I brought the bird feeders inside the garage last night and used a screen as a sifter to separate the snow from the birdseed. I do this so the seed doesn't spoil from excessive moisture. Plus, I like to think the birds appreciate not having to poke through snow in order to get at the food. My next chance to go birding won't be until Sunday and right now the forecast is calling for partly cloudy skies, which means the temperatures will plummet into single digits.
I don't work until 10:00 a.m. today, but our driveway is buried (again) with large snow drifts. As much as I would like to go snowshoeing at Pheasant Branch Conservancy, there just won't be time. With this winter being one for the record books for seasonal snowfall, this is pretty much how it's been – few opportunities to get out there. Ah, it'll just make spring that much more enjoyable! Well, that's what I have to keep telling myself, anyway.

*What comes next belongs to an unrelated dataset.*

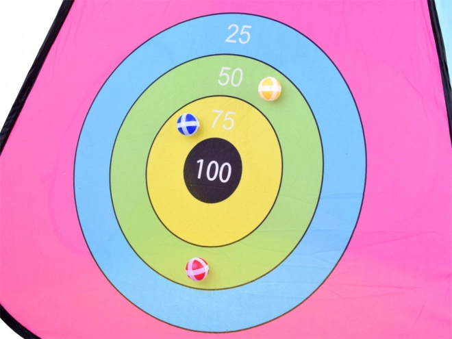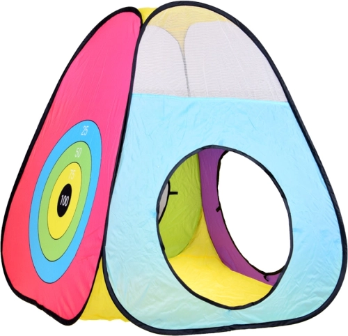 De driehoekstent met kleurrijke doelschijf en doelopeningen traint nauwkeurigheid en motoriek. Perfecte competitieve pret voor kleine werpers.

White-throated Sparrow © 2008 Mike McDowell
Monday, February 04, 2008
Must see programming on PBS...
"For many decades, humans have harvested the horseshoe crab for use as fishing bait. Since the 1970s, we have even used horseshoe crab blood for medical purposes. But now we may have gone too far. Horseshoe crab numbers have declined significantly in the past few years. And, naturally, so have their egg numbers. This is especially important to a small shorebird that is a global traveler of the most impressive kind. The red knot makes one of the longest migrations of any animal -- a journey that takes it from one end of the earth to the other. To accomplish this feat, it relies on the eggs of the horseshoe crab. Without these eggs, the red knot is in danger."
Link: More at Nature/PBS.org
Red Knot image © 2008 Tom Prestby
Saturday, February 02, 2008
Last week I spotted a Northern Shrike hunting in the field right across the street from Eagle Optics – what a surprise that was. Well, with all the shrikes being reported around Wisconsin, I can't say it was completely unexpected. Yesterday I spotted the shrike again, but further away on the other side of Highway 14, actively hunting on quarry property. Though distant, a few of my co-workers got a glimpse of it through a spotting scope.
Though I'm mostly recovered from my illness, I'm probably going to stay inside this weekend and rest up. The temperatures are back into the 20's and 30's, but it's overcast today and not ideal for digiscoping. As Wayne Rohde posted on the Wisconsin Birding Network yesterday, spring migration is indeed just around the corner. Swans, geese and cranes will be among the first birds to return through Wisconsin at the end of this month.
So prepare, once again, for one of the greatest spectacles, if not the greatest, of what nature can offer the human experience and imagination. It's as easy to observe as a visit to a local park, conservancy or other natural area as billions of birds make their way home to their breeding territories throughout North America. Of course, that means a fond farewell to those who stuck with us through this particularly cold and snowy winter, but I'll still have juncos and tree sparrows through a portion of April. I just love those first early spring mornings when stepping outside means a warm greeting in junco song and a reminiscing freshness in the air from the thawing ground.